18. Caching semantics

go test caches successful test results based on a hash of the package's source files, environment, and build configuration. Effects on tables:

  • Adding a row to a table invalidates the cache for that package.
  • Changing test data files (testdata/*.json) does not invalidate the cache by default — go test does not hash file system reads. If your table is data-driven from testdata/, use //go:embed so the data is part of the source hash. Otherwise, run with -count=1 to bypass the cache.
go test -count=1 ./...

This is the standard workaround. Many teams alias gotest='go test -count=1'.


19. The race detector and tables

go test -race adds runtime instrumentation that detects data races. For parallel tables:

  • A 10× wall-clock overhead is normal.
  • Race detector slots are limited (8K active goroutines per binary); huge parallel tables can hit the limit. Cap -parallel.
  • Any race in setup, teardown, or shared fixtures is reported and fails the test.

A best-practice CI configuration runs the whole suite with -race -count=1 at least nightly, even if the per-commit pipeline runs without -race for speed.


20. Test name normalization details

When testing rewrites a subtest name for display and matching, the rule (paraphrased from src/testing/match.go):

func rewrite(s string) string {
    b := make([]byte, 0, len(s))
    for _, r := range s {
        switch {
        case isSpace(r):
            b = append(b, '_')
        case !strconv.IsPrint(r):
            s := strconv.QuoteRune(r)
            b = append(b, s[1:len(s)-1]...)
        default:
            b = append(b, string(r)...)
        }
    }
    return string(b)
}

So "hello world" becomes hello_world, and "naïve" survives because ï is printable per IsPrint. Tab characters (\t) and newlines become escaped (\t, \n).

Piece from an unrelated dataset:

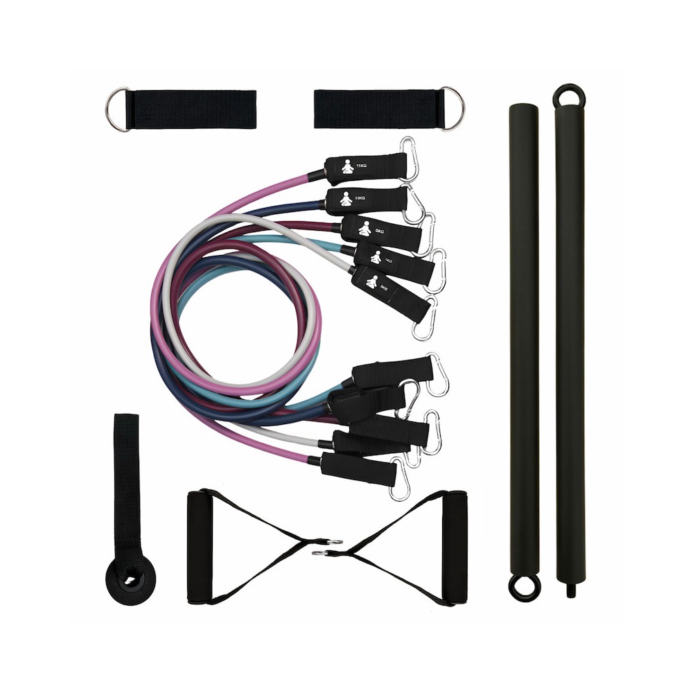 Sett med 5 elastiske bånd, ergonomiske håndtak, modulær stang, døranker og ankel-/håndleddsstropper, ideelt for komplette og personlige treningsøkter.

21. go test -v vs go test -json

Two output modes you'll use to inspect table results:

  • -v — human-readable, streams === RUN, --- PASS, --- FAIL markers. Subtests appear indented under parents. Good for terminal debugging.
  • -json — machine-readable, one JSON event per line. Used by gotestsum, IDE test runners, and CI dashboards. Each subtest has its own events with Test: "TestX/foo".
go test -json -run TestX ./... | jq -r 'select(.Action=="fail") | .Test'

Lists failing subtests by full path.


22. Custom *testing.T and embedding

You cannot define a custom *testing.T because the type is concrete. But you can:

  • Define a helper interface that accepts testing.TB (parent of *T and *B).
  • Wrap test runs in a custom function that takes the slice and returns a func(*testing.T):
func runTable[T any](cases []T, name func(T) string, body func(*testing.T, T)) func(*testing.T) {
    return func(t *testing.T) {
        for _, tc := range cases {
            t.Run(name(tc), func(t *testing.T) { body(t, tc) })
        }
    }
}

func TestX(t *testing.T) {
    cases := []struct{...}{...}
    runTable(cases, func(c struct{...}) string { return c.name }, func(t *testing.T, c struct{...}) {
        ...
    })(t)
}

This works but is rarely worth the indirection. Idiomatic Go keeps the loop inline.